Because experiments can be undermined by a vast number of practical mistakes, the likeliest explanation for any failed replication will always be that the replicator bungled something along the way. Unless direct replications are conducted by flawless experimenters, nothing interesting can be learned from them.
Notice that the above argument applies just as well to the original experiment being replicated.
Yes, noticed.
Has anyone read his entire article? Does he attempt any justification for why this particular argument doesn't equally apply to the original experiment?
One principle I try to keep in mind is "The other guy is probably not a total moron. If it seems that way, you're probably missing something."
I read it. He has a section titled "The asymmetry between positive and negative evidence".
His argument is that a positive result is like seeing a black swan, and a null result is like seeing a white swan, and once you see a black swan, then no matter how many white swans you see it doesn't prove that all swans are white.

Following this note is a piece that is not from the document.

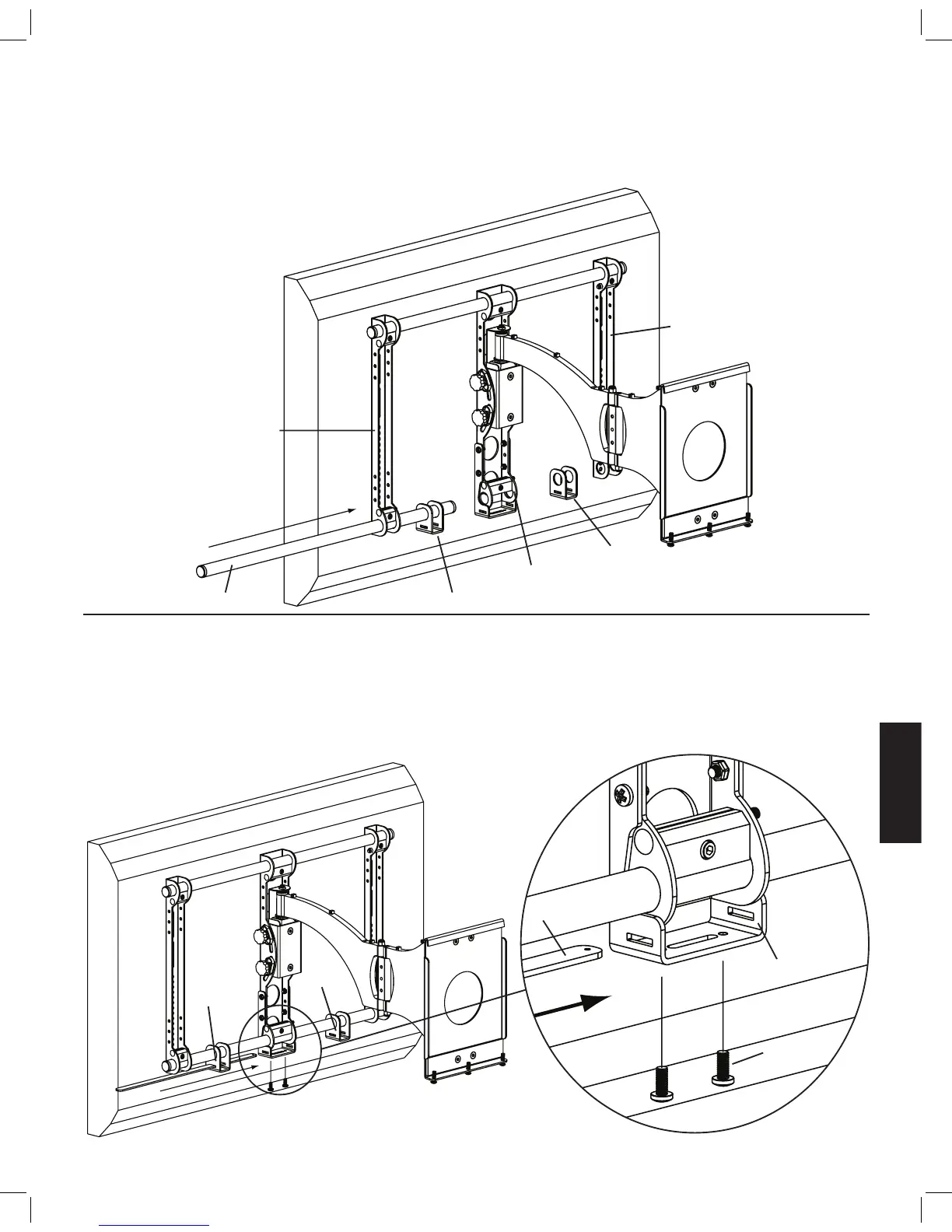 вторую крепежную скобу для монитора. Затяните все три зажимные устройства, когда поперечная трубка пройдет

He addresses the objection that this leaves us unable to ever reject a spurious claim. His answer is that, since negative evidence is always meaningless, we should get positive evidence that the experimenter was wrong.
I think this is a fair summary of the section. It's not long, so you can check for yourself. I am... not impressed.

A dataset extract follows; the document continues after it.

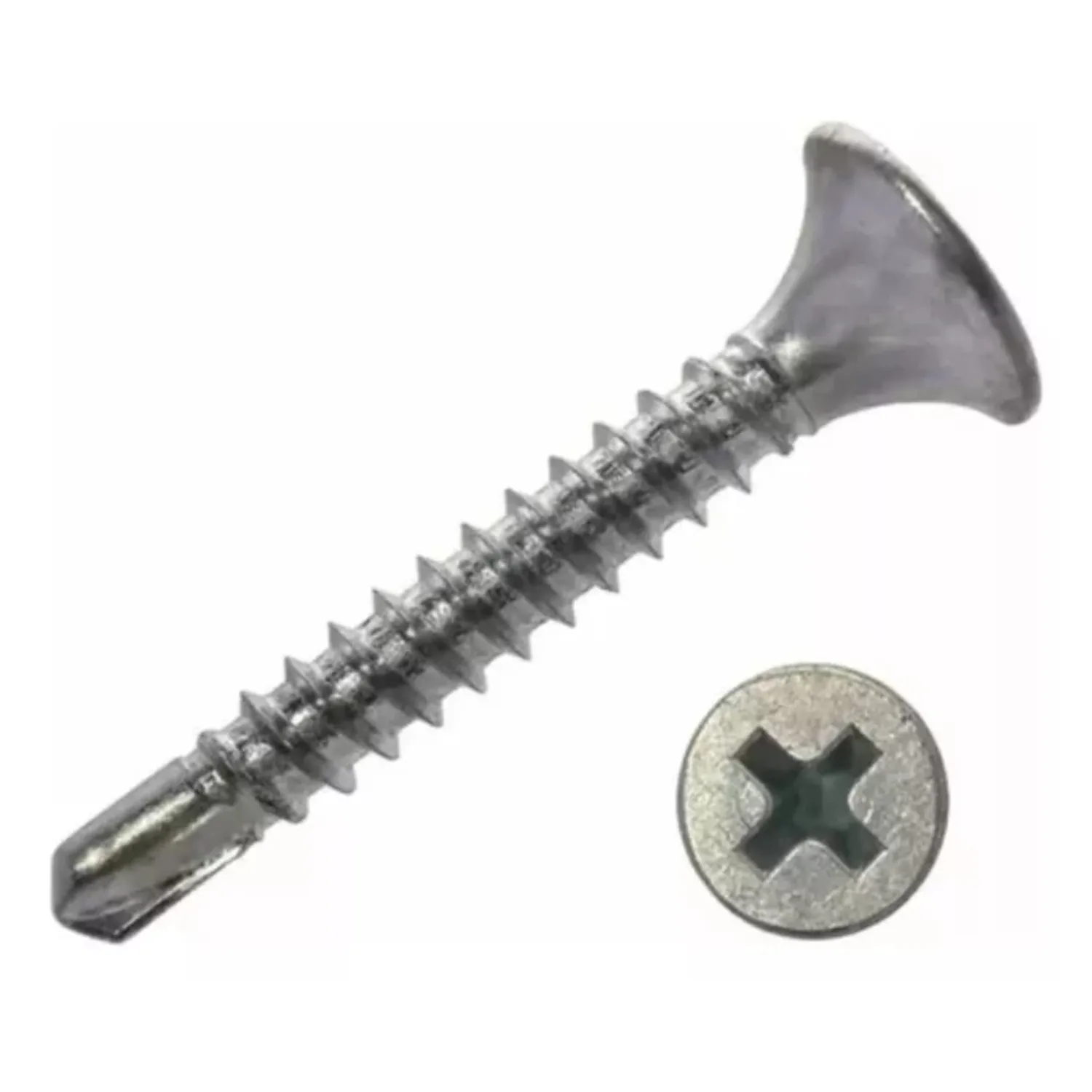 Fabricado en acero zincado, garantiza durabilidad y resistencia a la corrosión, lo que lo convierte en una opción confiable para proyectos de construcción y remodelación. Su cabeza plana tipo trompeta y su forma de punta broca permiten una fácil inserción y un acabado limpio, asegurando que cada instalación sea rápida y eficiente.

There's a lot wrong with the argument; he has no actual justification for assuming that social science is anything like swan-spotting.

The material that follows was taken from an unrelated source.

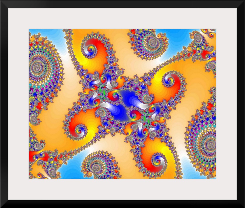 <p>Mandelbrot fractal. Computer-generated image derived from a Mandelbrot Set. Fractal geometry is used to derive complex shapes as are often found in nature. The Mandelbrot Set, named after the mathematician Benoit B. Mandelbrot, is a group of complex numbers plotted using their real and imaginary parts as coordinates. Complex patterns are produced by a series of repeated mathematical operations or mappings. Generated on a computer screen, fractals are used to create models for real-world non-linear phenomena such as stock market prices, plant growth, the erosion of coastlines and fluid turbulence.</p>

But even within his unjustified analogy... apparently if someone reports a new color of swan in Australia, he might give polygraphs and vision tests to the reporter, but sending an expedition to Australia to check it out would be of no scientific value.
I don't think that means you are smarter than that Harvard professor. He is a very successful person and has reached heights coveted by many very smart people. It just means that the game he is playing is not one where you get ahead by saying things that make sense.
For example, if you listen to a successful politician and spot a false statement he utters, that does not mean that you are smarter than that politician.
You should have looked at his vita for a more accurate description of his activities. If you had looked at his paper titles, some of them indicate he's not a stranger to social justice like theorizing and investigation, and likewise his funding sources, on top of Harvard's well-earned reputation: eg. "What’s in a forename?: Cue familiarity and stereotypical thinking", "Gender differences in implicit weight identity", "Deflecting negative self-relevant stereotype activation: The effects of individuation", "Me and my group: Cultural status can disrupt cognitive consistency", and the funding:
June 2007 – May 2010: National Science Foundation (BCS 0642448), "The neural basis of stereotyping", $609,800 (co-PI: Mahzarin Banaji)...September 2010 – August 2012: Templeton Foundation for Positive Neuroscience, "Vicarious Neural Response to Others as a Basis for Altruistic Behavior", $180,000 (co-PI: Jamil Zaki)
And now you find a man saying that is is an irrelevant demand to expect a repeatable experiment. This is science?
-- Richard Feynman, "Cargo Cult Science"
(Yes, I am aware of the irony of appealing to authority to mock someone who says we need to defer more to established authorities.)
I sort of side with Mitchel on this.
A mentor of mine once told me that replication is useful, but not the most useful thing you could be doing because it's often better to do a followup experiment that rests on the premises established by the initial experiment. If the first experiment was wrong, the second experiment will end up wrong too. Science should not go even slower than it already does - just update and move on, don't obsess.
It's kind of how some of the landmark studies on priming failed to replicate, but there are so many followup studies which are explained by priming really well that it seems a bit silly to throw out the notion of priming just because of that.
Keep in mind, while you are unlikely to hit statistically significance where there is no real result, it's not statistically unlikely to have a real result that doesn't hit significance the next time you do it. Significance tests are attuned to get false negatives more often than false positives.
Emotionally though... when you get a positive result in breast cancer screening even when you're not at risk, you don't just shrug and say "probably a false positive" even though it is. Instead, you irrationally d...
If the first experiment was wrong, the second experiment will end up wrong too.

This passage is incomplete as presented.